Sandy doesn’t wince at the stitches. First, she takes a huge chunk of French Braid and cuts it off, throws it in the garbage with no show, no ceremony. And then she begins. I keep saying “a little shorter.” We discover how curly my hair is, now the weight is gone. I feel lighter and lighter as the cut goes on. Pounds of hair are mounding up on the floor. I tell her just to muss a little product in and not blow dry. I don’t want “style.” In fact, any attempt at “style” or a new look just seems obscene to me at the moment. I want to run my fingers through my hair and never pick up a blow-dryer again.

This is me now. The physical from-the-head-up me. It feels plain. Messy, like I asked Sandy to do. I’ll probably go shorter than this soon – but the shock factor should be minimized a bit by an in-between cut.

I look in the mirror. My energy is limited and running out fast. I stare at the face looking back at me. I try to comprehend that this is me now. This comprehension thing happens, one way or another, a few times every day now. How do I get through so very much change at this pace? The world is spinning under my feet and I am trying to balance in midair.


OF CATS AND QUONSETS

4:55 a.m. I've slept through seven entire hours - the longest stretch since this little Odyssey began. I wake up in my own bed, but thinking that I'm in a Quonset Hut. The room feels square and somehow metallic around me...the bed feels very high up - and I wonder if that's just my cerebellum still recovering from pressure and surgery. I have the amusing notion that perhaps I'm at Torchwood.  I'm functioning fine - or at least in the hospital, I felt normal. But the cerebellum took a kicking and it's what lets me know where I begin and leave off in space...and it has odd, mild notions that may be a little out of whack when I'm not completely awake.

For the first time in a week, no dreams waking me with a sense of cold dread. Thank you. I'll take it.

Two more days of steroids. I have a short stretch to start burning off chemicals, dyes, pills etc. My skin looks like parchment paper...dry as a riverbed. I burst into tears sometimes and it's impossible to tell when it will happen, for how long. I can't know the recipe...drugs? Emotional shock? Physical shock? Some cocktail of all of that?

It's good to be home. Friends have cleaned my place. The fridge has been emptied and restocked. The day I come home, it's summer-mild. A glorious sun is shining. My ceiling high plant is waving it's branches in the open window. Happiness seems inevitable.

I keep looking for Cat. Just out of my peripheral vision - and often. I feel his absence and never knew how often I checked to see where he was or passed a hand over this fur when he was sleeping.

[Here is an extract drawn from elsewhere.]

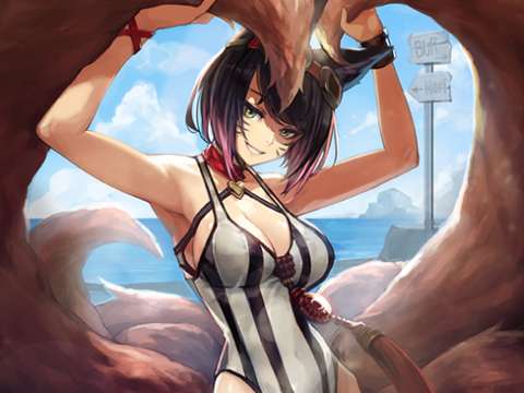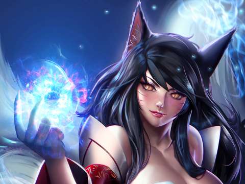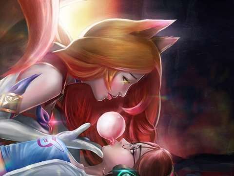 Ahri seducing D.Va - LoL x Overwatch Fanart

Late yesterday, I suddenly feel shaky and call C. I want to say I feel lost. That I miss my cat. I don't mean to cry but I do - and C., who is generally the soul of calm kindness vows to go get him right away and "anybody who doesn't like it can kiss my ass."

But no. I'll wait a little. There might be surgery yet - and another time away. I can't yank him around like he's a teddy bear. And besides, Jan tells me he loves his big picture window. And he comes out to rub on people's legs and purr. He flops down, belly up, to flirt. And they all like him. That's most important of all things for me - that he's with people who like him.

Today, I'll be getting a short haircut. Six months ago, that would have felt like a trauma right up there in the house-burning-down category. Now it's hair...more ballast to jettison. I look around this place that's been my home for a long time...and it's full of stuff. I've hated the amount of stuff for a long time - but now it looks pretty to me...comforting and cozy. But still too much. At some point, I want to hold a craft party and invite everyone I know (or friends know) who would love to take home extra beads, prefelt yardage, yarn, clothing & what-have-you. Feng shui clearing and party all at once, I think. I need to be travelling light.

My friends show me that all I want to carry right now, I can carry in my heart.